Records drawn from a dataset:

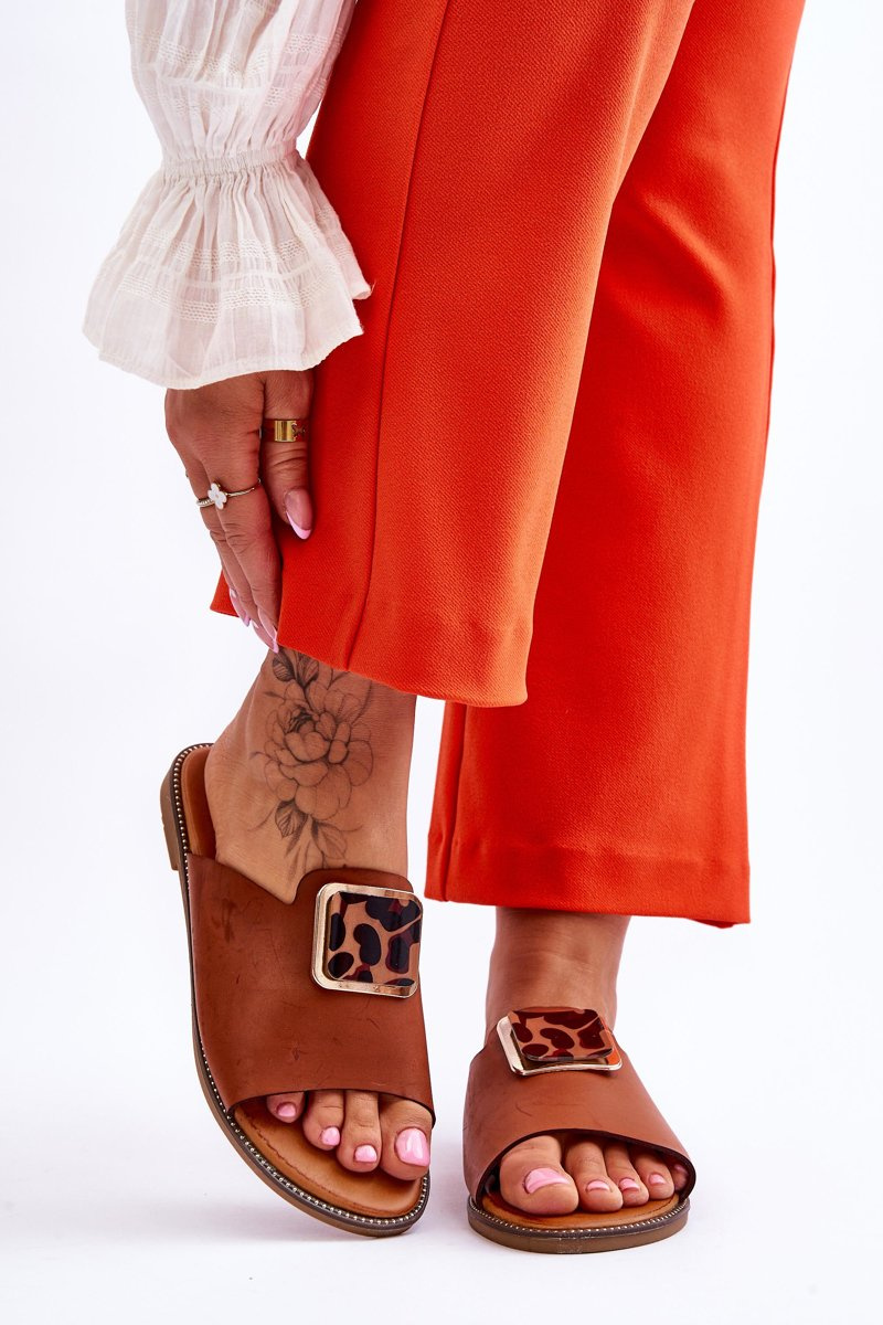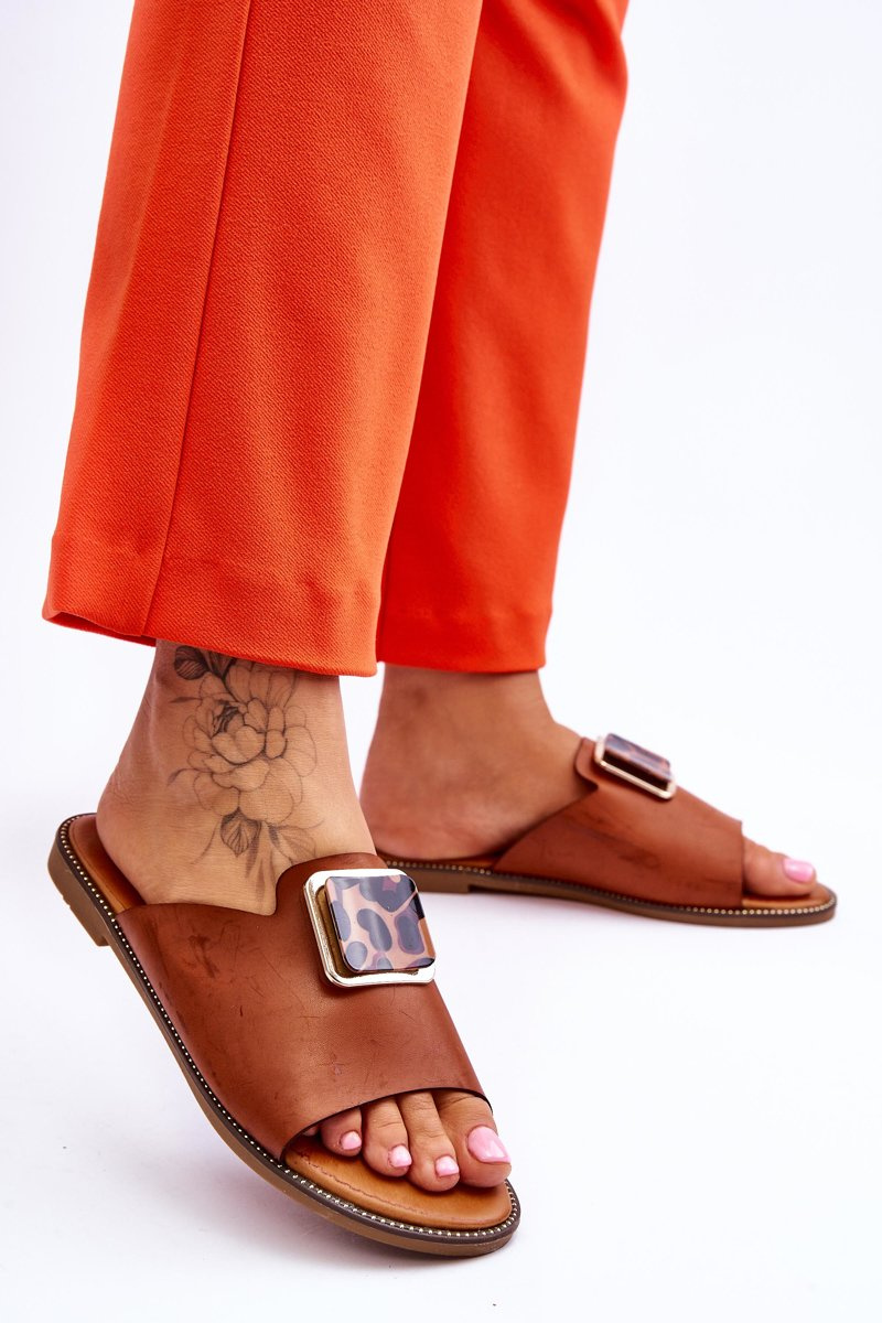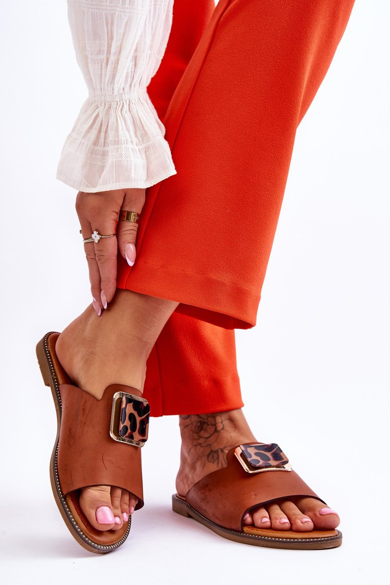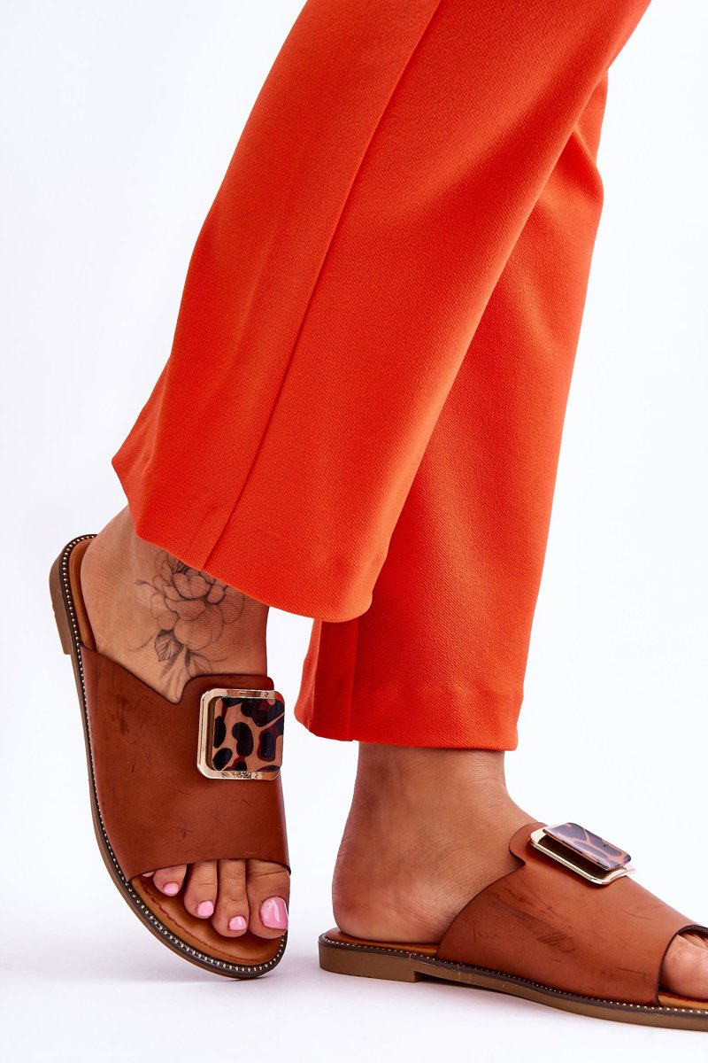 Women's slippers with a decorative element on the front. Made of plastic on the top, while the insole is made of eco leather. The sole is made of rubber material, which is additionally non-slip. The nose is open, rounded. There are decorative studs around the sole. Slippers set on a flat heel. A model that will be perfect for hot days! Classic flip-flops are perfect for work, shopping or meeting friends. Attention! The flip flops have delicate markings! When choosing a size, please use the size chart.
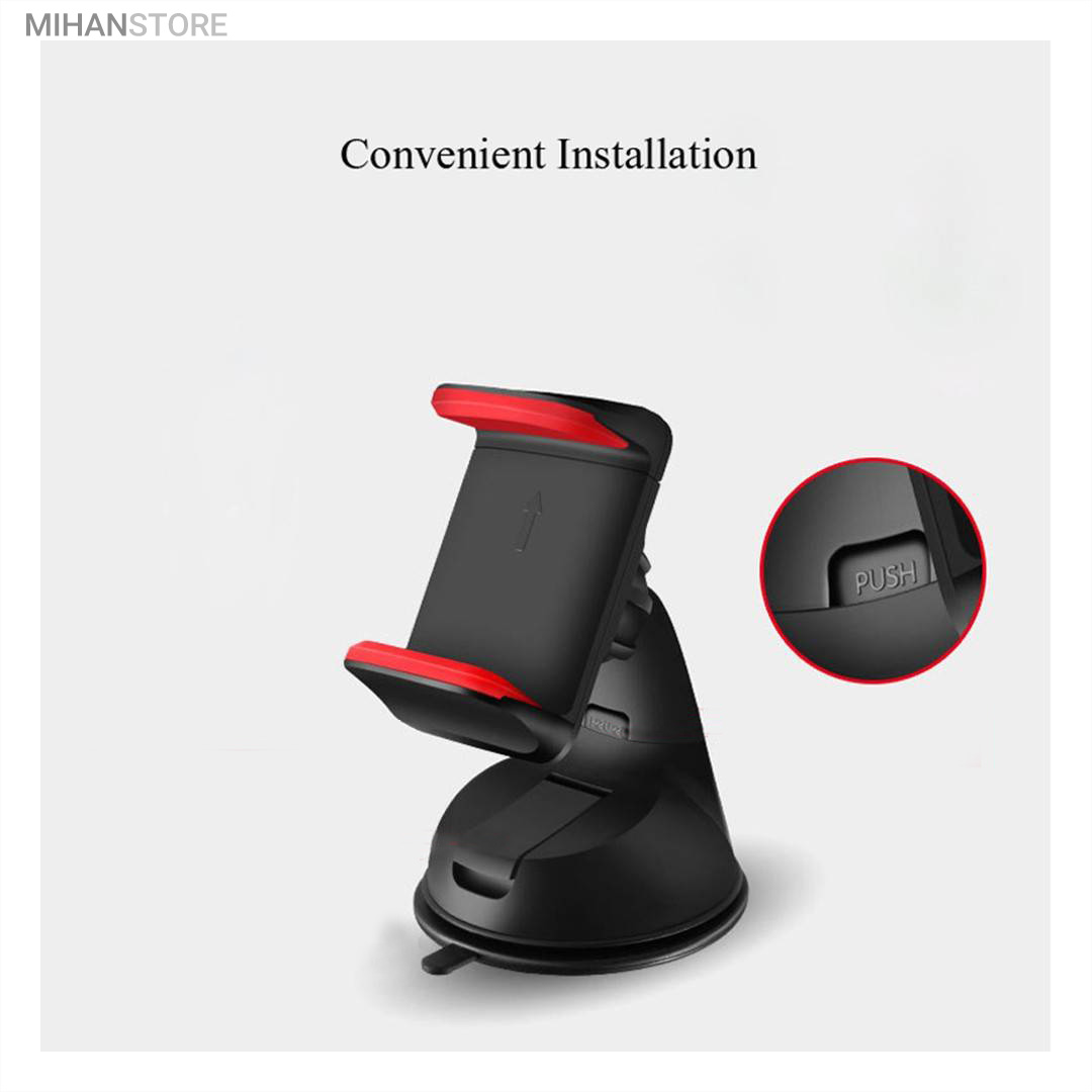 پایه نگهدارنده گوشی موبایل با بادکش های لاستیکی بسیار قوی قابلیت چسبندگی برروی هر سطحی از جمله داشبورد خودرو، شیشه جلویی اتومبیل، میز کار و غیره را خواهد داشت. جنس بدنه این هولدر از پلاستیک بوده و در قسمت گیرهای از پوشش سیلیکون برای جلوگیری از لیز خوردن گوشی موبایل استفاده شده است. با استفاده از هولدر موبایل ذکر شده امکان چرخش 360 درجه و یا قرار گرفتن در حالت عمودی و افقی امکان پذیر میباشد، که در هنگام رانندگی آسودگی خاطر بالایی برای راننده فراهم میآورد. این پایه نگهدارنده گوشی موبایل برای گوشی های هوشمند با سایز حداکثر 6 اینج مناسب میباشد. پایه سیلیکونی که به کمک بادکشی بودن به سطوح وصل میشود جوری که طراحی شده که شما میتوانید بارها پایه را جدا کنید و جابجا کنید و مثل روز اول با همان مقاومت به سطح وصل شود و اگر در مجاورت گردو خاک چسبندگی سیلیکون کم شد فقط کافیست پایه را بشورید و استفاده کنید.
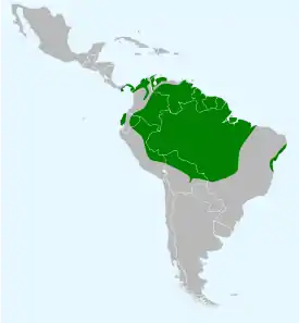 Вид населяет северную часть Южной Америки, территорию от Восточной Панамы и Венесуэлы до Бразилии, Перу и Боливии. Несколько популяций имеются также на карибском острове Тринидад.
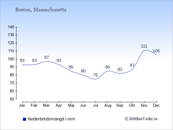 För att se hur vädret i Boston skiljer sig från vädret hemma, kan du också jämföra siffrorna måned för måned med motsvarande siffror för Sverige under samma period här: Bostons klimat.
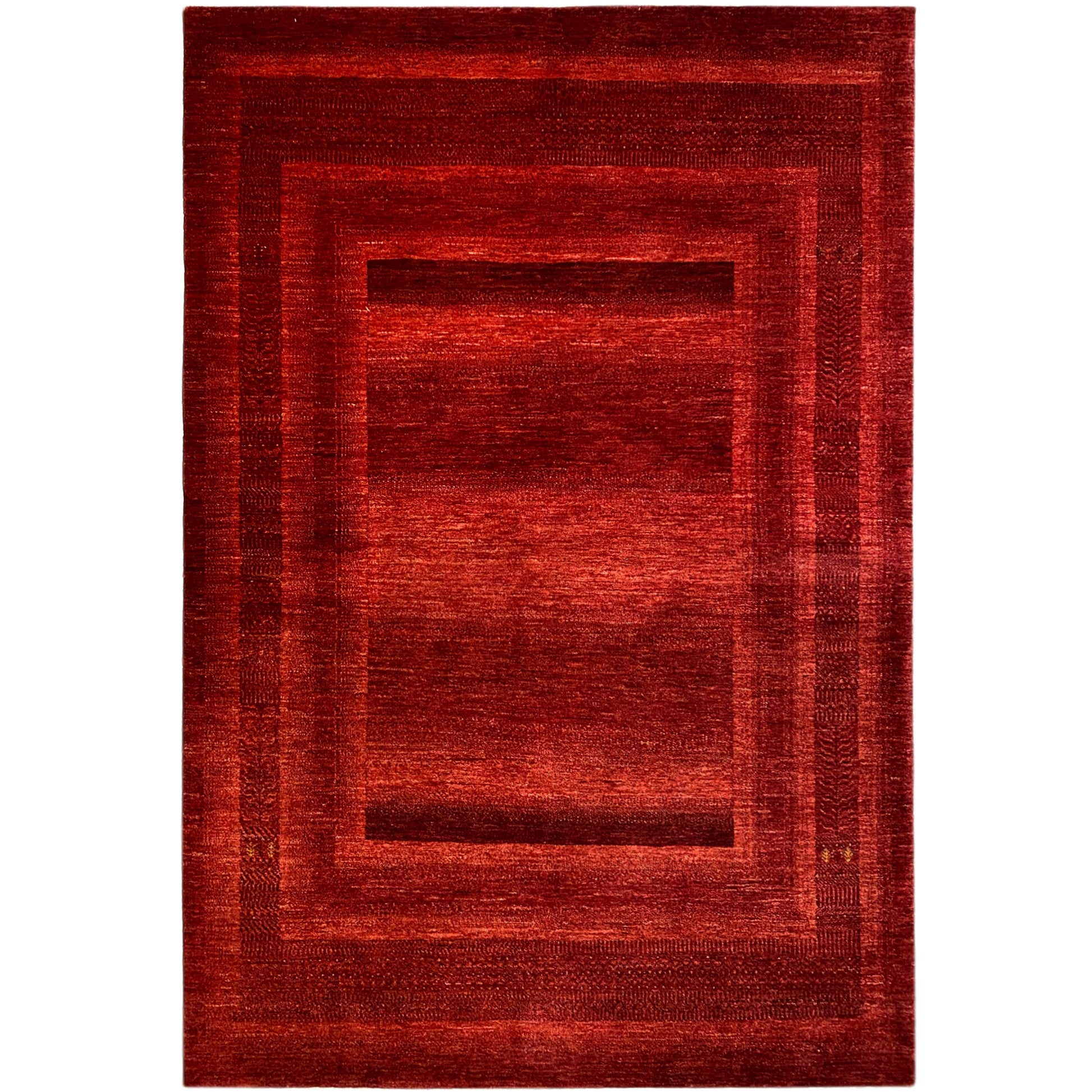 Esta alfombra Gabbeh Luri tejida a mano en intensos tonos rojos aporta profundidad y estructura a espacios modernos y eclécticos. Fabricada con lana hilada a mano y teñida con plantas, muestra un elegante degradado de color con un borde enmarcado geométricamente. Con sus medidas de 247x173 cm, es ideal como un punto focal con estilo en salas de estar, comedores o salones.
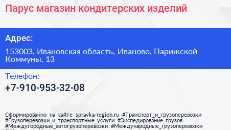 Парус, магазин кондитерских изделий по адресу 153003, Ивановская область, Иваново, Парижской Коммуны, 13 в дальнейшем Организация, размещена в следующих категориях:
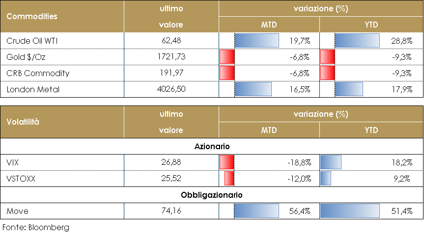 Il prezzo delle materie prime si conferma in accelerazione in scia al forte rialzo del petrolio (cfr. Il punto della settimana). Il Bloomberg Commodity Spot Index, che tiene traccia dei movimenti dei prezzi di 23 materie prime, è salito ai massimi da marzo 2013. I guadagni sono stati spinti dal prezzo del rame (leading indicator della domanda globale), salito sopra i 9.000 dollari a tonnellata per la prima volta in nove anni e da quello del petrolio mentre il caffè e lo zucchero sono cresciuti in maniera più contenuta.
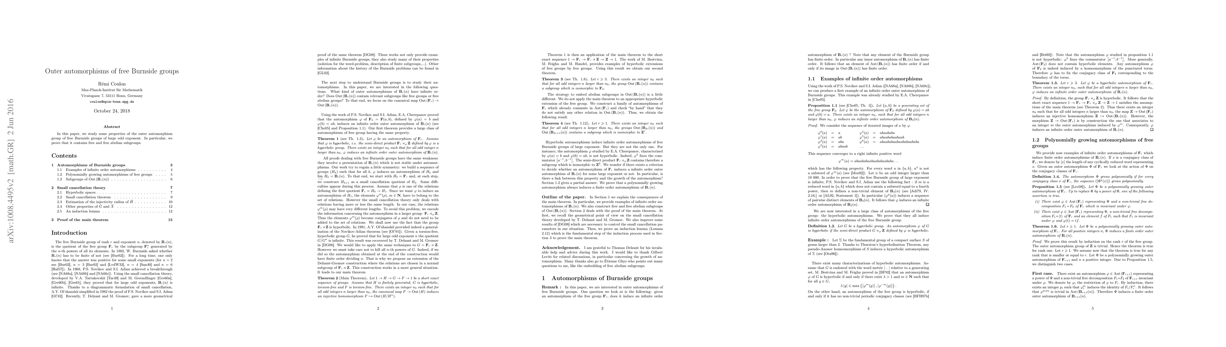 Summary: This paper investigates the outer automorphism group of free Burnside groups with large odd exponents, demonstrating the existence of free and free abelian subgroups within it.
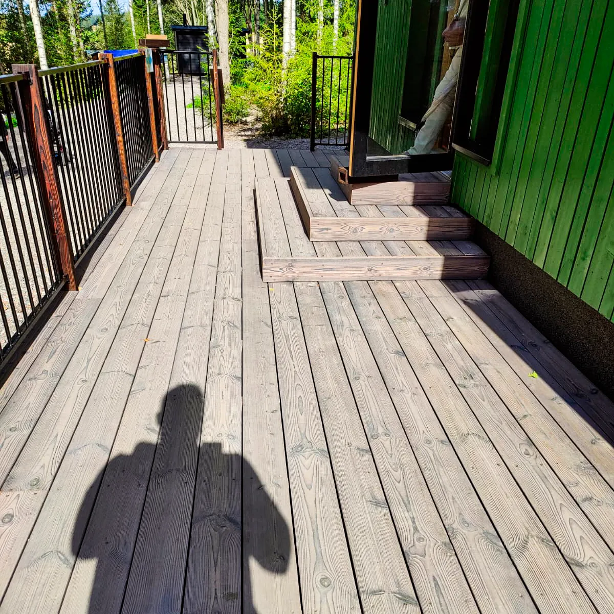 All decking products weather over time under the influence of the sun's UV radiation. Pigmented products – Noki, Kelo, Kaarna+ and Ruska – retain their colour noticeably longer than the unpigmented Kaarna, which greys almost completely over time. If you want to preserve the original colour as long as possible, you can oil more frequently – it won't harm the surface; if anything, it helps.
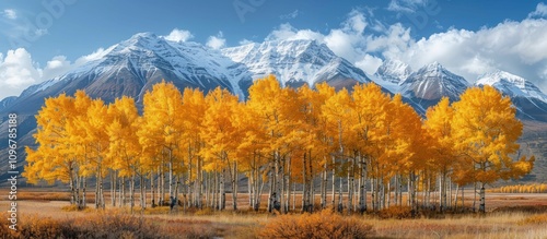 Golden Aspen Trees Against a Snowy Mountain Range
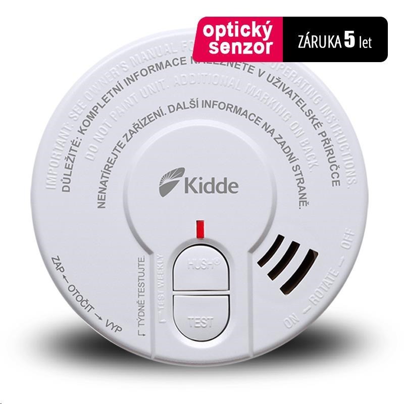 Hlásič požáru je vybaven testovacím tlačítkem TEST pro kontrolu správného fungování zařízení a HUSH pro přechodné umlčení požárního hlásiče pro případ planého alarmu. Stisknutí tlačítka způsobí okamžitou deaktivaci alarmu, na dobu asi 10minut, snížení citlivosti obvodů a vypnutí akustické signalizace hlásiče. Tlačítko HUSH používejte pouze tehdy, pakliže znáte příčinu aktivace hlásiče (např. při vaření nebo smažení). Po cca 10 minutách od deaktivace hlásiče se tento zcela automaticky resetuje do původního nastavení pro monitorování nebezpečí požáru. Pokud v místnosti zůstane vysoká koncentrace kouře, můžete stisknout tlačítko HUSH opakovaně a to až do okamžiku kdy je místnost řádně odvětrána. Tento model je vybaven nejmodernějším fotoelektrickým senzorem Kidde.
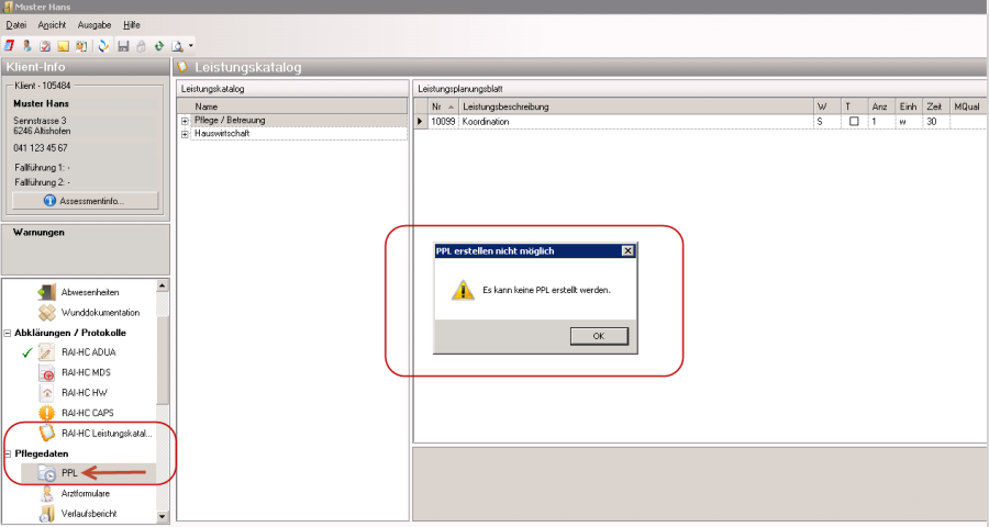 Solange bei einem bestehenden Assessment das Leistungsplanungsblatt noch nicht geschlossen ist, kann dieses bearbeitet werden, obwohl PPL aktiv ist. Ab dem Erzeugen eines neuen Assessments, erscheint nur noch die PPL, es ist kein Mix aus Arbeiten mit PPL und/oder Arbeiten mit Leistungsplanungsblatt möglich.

• What the task requires: Return the lines exactly as they stand, from the start of the entries through the line holding "För att se hur"; omit the pictures.

• Answer to this task:
 Women's slippers with a decorative element on the front. Made of plastic on the top, while the insole is made of eco leather. The sole is made of rubber material, which is additionally non-slip. The nose is open, rounded. There are decorative studs around the sole. Slippers set on a flat heel. A model that will be perfect for hot days! Classic flip-flops are perfect for work, shopping or meeting friends. Attention! The flip flops have delicate markings! When choosing a size, please use the size chart.
 پایه نگهدارنده گوشی موبایل با بادکش های لاستیکی بسیار قوی قابلیت چسبندگی برروی هر سطحی از جمله داشبورد خودرو، شیشه جلویی اتومبیل، میز کار و غیره را خواهد داشت. جنس بدنه این هولدر از پلاستیک بوده و در قسمت گیرهای از پوشش سیلیکون برای جلوگیری از لیز خوردن گوشی موبایل استفاده شده است. با استفاده از هولدر موبایل ذکر شده امکان چرخش 360 درجه و یا قرار گرفتن در حالت عمودی و افقی امکان پذیر میباشد، که در هنگام رانندگی آسودگی خاطر بالایی برای راننده فراهم میآورد. این پایه نگهدارنده گوشی موبایل برای گوشی های هوشمند با سایز حداکثر 6 اینج مناسب میباشد. پایه سیلیکونی که به کمک بادکشی بودن به سطوح وصل میشود جوری که طراحی شده که شما میتوانید بارها پایه را جدا کنید و جابجا کنید و مثل روز اول با همان مقاومت به سطح وصل شود و اگر در مجاورت گردو خاک چسبندگی سیلیکون کم شد فقط کافیست پایه را بشورید و استفاده کنید.
 Вид населяет северную часть Южной Америки, территорию от Восточной Панамы и Венесуэлы до Бразилии, Перу и Боливии. Несколько популяций имеются также на карибском острове Тринидад.
 För att se hur vädret i Boston skiljer sig från vädret hemma, kan du också jämföra siffrorna måned för måned med motsvarande siffror för Sverige under samma period här: Bostons klimat.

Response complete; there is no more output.